Ему вспомнилось состоявшееся в осень сорок первого решение о необходимости его немедленного отъезда из Москвы в Куйбышев, и в памяти четко возникло утро девятнадцатого октября, Рогожско-Симоновский тупик, спецпоезд, пустынная платформа, терпеливо ждавшие пришедшие его провожать товарищи… Это был один из тех немногих моментов в его жизни, когда было необходимо определить предстоящий шаг настолько безошибочно, что каменно онемевшей спиной он чувствовал безграничную настороженность огромного города, оказавшегося сейчас в самом острие, в самом средоточии мировых потрясений невиданного по ожесточению и глобальности перекрута мировых сил.
Он сейчас вновь почти физически, кожей, ощутил, как тяжко сочилось тогда время, и он, в резком отъединении от всего остального мира, от провожающих, от холодного, сквозного ветра, горбясь, безостановочно ходил и ходил по платформе; он был всего лишь человек, но в его имени, хотел он того или нет, сосредоточивались надежды и отчаяние миллионов людей, захлебывающихся в атаках, истекающих кровью в десятках и сотнях сражений, и не только в своей стране. Он был всего лишь смертельно уставший в последние тяжкие месяцы человек, но именно поэтому, именно в тот момент на пустынной платформе Рогожско-Симоновского тупика, в непрерывном, пугающем двухчасовом хождении, во время которого к нему ни один из присутствующих не решился приблизиться, он не столько умом, а больше сердцем ощутил неимоверный груз ответственности, и никому другому он не мог ничего, ни одной крупицы этого неимоверного груза переложить на плечи, почувствовал еще раз почти живой, гневный крик бессмертного города. Никто не видел его лица; дойдя до края платформы своим неспешным характерным шагом, он, не говоря никому ни слова, круто повернулся, горбясь больше обычного, прошел к своей машине, сел в нее и уехал назад.

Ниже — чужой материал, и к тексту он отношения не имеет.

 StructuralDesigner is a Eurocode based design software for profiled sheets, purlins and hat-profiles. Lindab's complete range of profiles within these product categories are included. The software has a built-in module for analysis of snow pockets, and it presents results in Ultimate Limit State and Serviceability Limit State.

Сталин вспомнил, как четыре года спустя он вошел в спецпоезд — нужно было ехать на Потсдамскую конференцию, — но это пришло в память не потому, что жизнь определила именно такое развитие событий, а потому, что никто на свете не смел и никогда не посмеет бросить ему упрек за те страшные два часа в октябре сорок первого. Для этого нужно было бы всего лишь попытаться стать на его место.

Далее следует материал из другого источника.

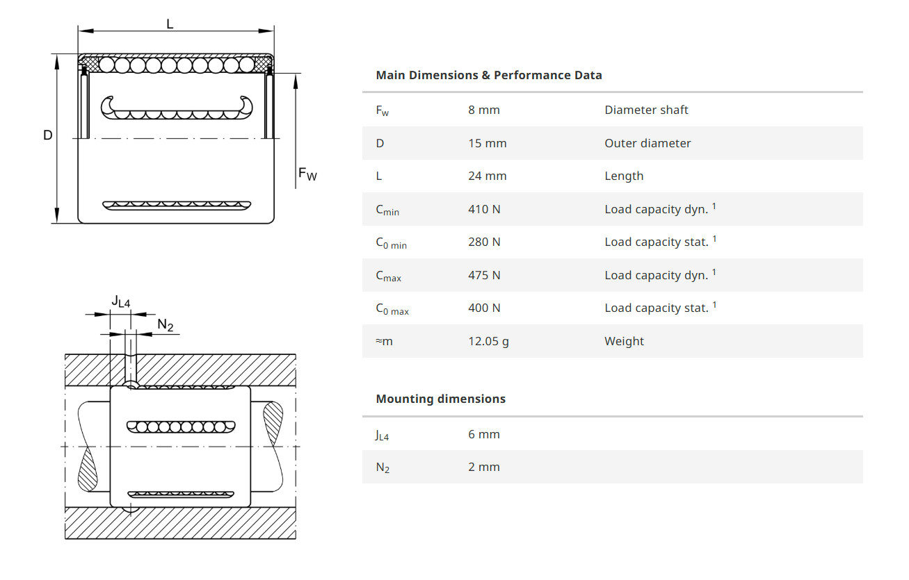 INA KH08-PP มีขนาดวงใน 8 มิล วงนอก 15 มิล ความยาว 24 มิล เป็นตลับลูกปืนเคลื่อนที่เชิงเส้น Linear Ball Bearing มีซีลกันฝุ่น มักพบได้บ่อยในเครื่องจักรอุตสาหกรรมอาหารและบรรจุภัณฑ์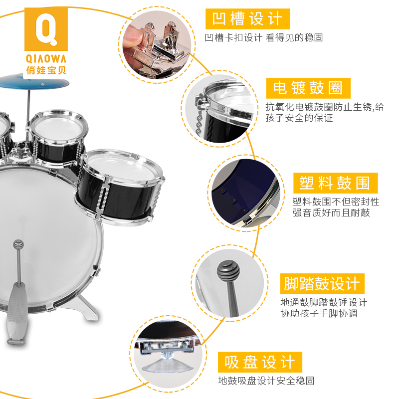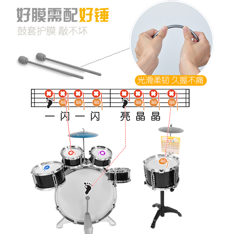 Pretty baby children's drum set toy Beginner drum boy Beating drum Musical instrument 3-6 years old Large jazz drum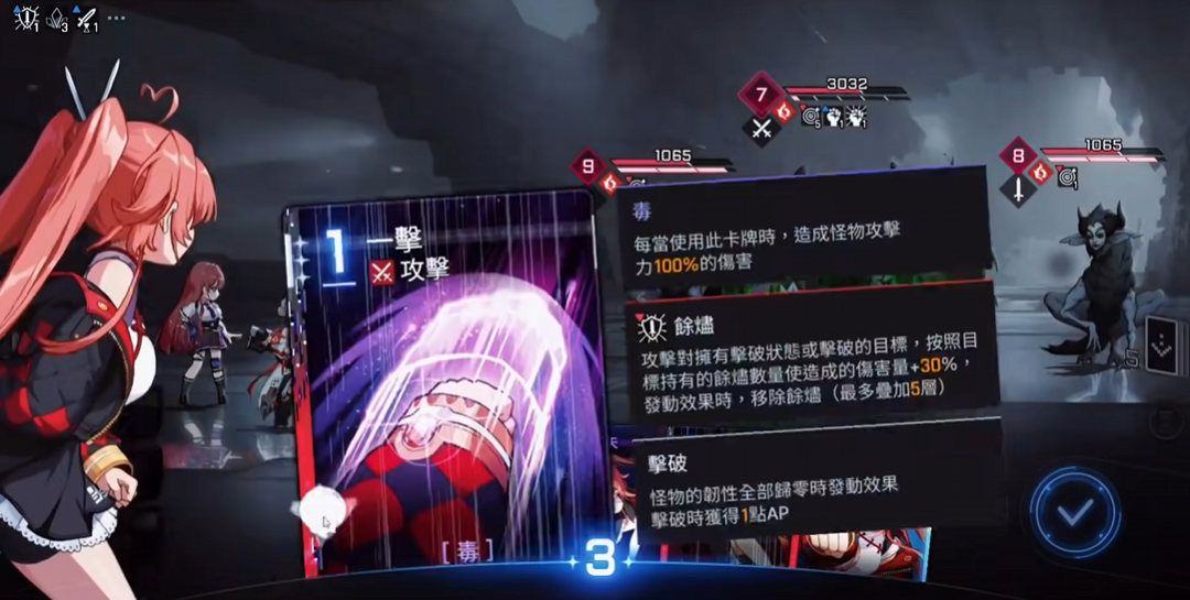 这个角色擅长以火力压制对手,是群攻型的输出角色,能力也非常出众。她的卡组搭配上,有3张基础卡牌可用,2张是攻击卡,分别12费,还有一张是护盾卡。另外她还拥有一个2费的特殊攻击卡-锚点,这个卡附加粉碎效果,处于护盾状态下的对手会受到额外20%伤害,核心技能就是0费可用的“锚点追踪”,可以直接从牌库,或目的里面制定卡牌直接回收到手牌,搭配“灵光一闪”使用,在单轮就能提高50%暴击率,很大程度上增强了她的爆发潜力。从卡牌结构明显可以看出,她是个高爆发性决斗者,善于在短时间打出巨额伤害。

Сталин стоял у окна, спиной к Брюханову, словно забыв о нем, но именно в эту короткую паузу ему вспомнилось не только сравнительно недавнее прошлое, и даже не это само прошлое, а какое-то его ощущение, его непосильная, тяжкая напряженность и необходимость немедленно, сейчас, решать и разрубать самые запутанные узлы противоречий, ведь один неверный шаг, одна минута промедления могли обернуться неисчислимо трагическими последствиями в необозримых масштабах…
Пожалуй, Сталин и сам не смог бы ответить, что произошло у него в душе в ту короткую минуту тишины, когда он стоял у окна; и хотя он еще не произнес ни слова и даже лицо у него оставалось прежним, Брюханов, как только Сталин повернулся, понял, что именно только теперь прояснится то, ради чего он здесь и находится; это предчувствие внесло в его состояние дополнительную остринку. Раньше ему хотелось как можно скорее освободиться, но теперь такое желание притупилось, затем и совсем прошло. Сталин подошел к столу, опустился в кресло. Он еще не знал сейчас, сделает ли то, о чем думал, но ему хотелось это сделать, это было зачем-то нужно для него самого, для его душевного равновесия, тем более что любую слабость можно оправдать самыми высокими причинами и побуждениями. Брюханов не мешал ему думать, и он был сейчас словно наедине с собой; такие минуты погружения только в себя и отъединения от всего остального он разрешал себе редко; уж если они все таки случались, в нем обострялись какие-то совершенно иные чувства, неожиданно распахивались какие-то неизвестные до сих пор тайники в душе, и тогда приходило нечто такое, что позволяло ему забывать о громадных, пугающих подчас его самого своих правах и обязанностях. Хоть на время он мог быть просто живым существом, которому просто приятно быть, видеть солнце, слушать шелест зелени, повозиться с кустами роз, зимой привычно надернуть на ноги старые, подшитые валенки и остаться наконец наедине с тишиной и снегом.
С приятным чувством бодрости Сталин помедлил, затем в руке у него оказался (Брюханов пропустил момент, как это случилось, и отметил свое непростительное невнимание) пакет, грубо перевязанный крест-накрест шпагатом.
— Товарищ Брюханов, — сказал Сталин, слегка передвигая пакет по столу в направлении Брюханова, — это бумаги Константина Леонтьевича Петрова, адресованы лично вам.